Jackson sells more Soloists (which *I* think is the best Strat variant) than anything else, even though "pointies" are what they're known for. Strat variants are, IMO, the perfect guitar shape.


----------



## nikt (Oct 25, 2005)

HateBreeder said:


> What does shred have to do with anything?



This is not best guitar for shreding!!! If someone like EBMM JPM or Ibanez 7's I think he won't put his hand on AES-RS7



HateBreeder said:


> I think its a pretty unique guitar. I probably wouldnt buy one, unless it was a baritone scale or something ;p
> But i think its fairly cool.



This is A Yamaha drop-7 scale so it's like 26 1/4" = 666.8mm like on schecters baritones

 so You have to buy one now... am I right?? Just kidding


----------



## Naren (Oct 25, 2005)

darren said:


> To that, i say...
> 
> .
> 
> ...



Superstrats do rule.
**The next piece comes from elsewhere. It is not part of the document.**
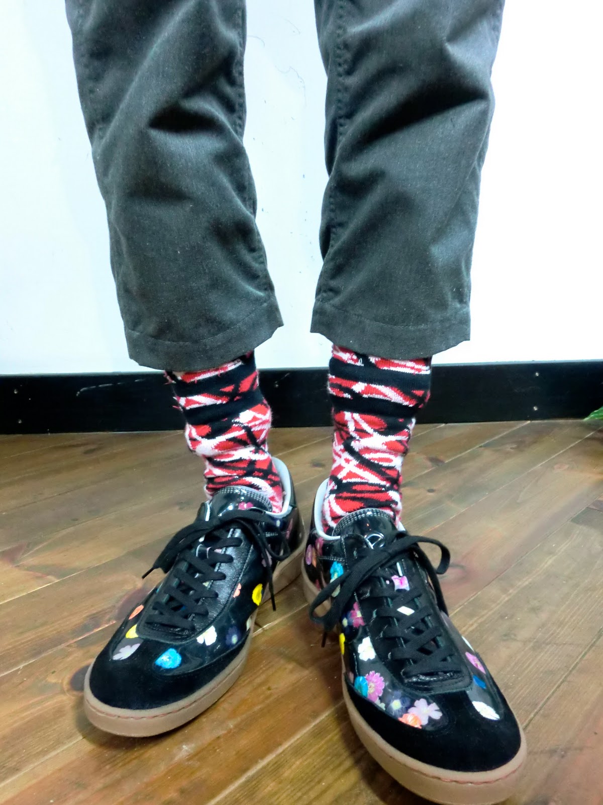 ※履いていくにあたり押し花の色味が下の生地に色移りする場合がございますが、変化またはデザインによる味わいということをご理解の上、予めご了承下さいませ。
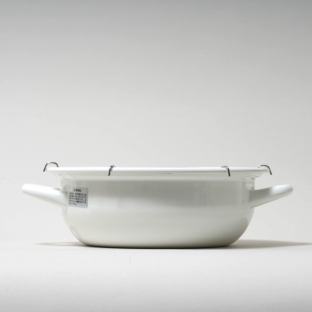 素材・材質:表面加工/ほうろう、材料の種類/本体/ほうろう用鋼板(底の厚さ0.8mm)、取っ手/ほうろう用鋼板、アミ/鉄(クロムめっき)

And so do Les Pauls. And other models. Heck, I own two Les Pauls (a Gibson and an Epiphone) and I've owned 3 superstrats. So I agree with both you and Bob.


----------



## Drew (Oct 25, 2005)

Jem7vsbl said:


> Yes Mark Tremonti.
> 
> 
> Al hail the mighty UV
> ...



Um...

1.) Mark Tremonti doesn't play 7's. 

2.) That's a Dean Evo7, not an Ibanez Universe. 

am I missing something?


----------



## Shawn (Oct 25, 2005)

Drew said:


> Um...
> 
> 1.) Mark Tremonti doesn't play 7's.
> 
> ...


 That is NOT a PRS either.


----------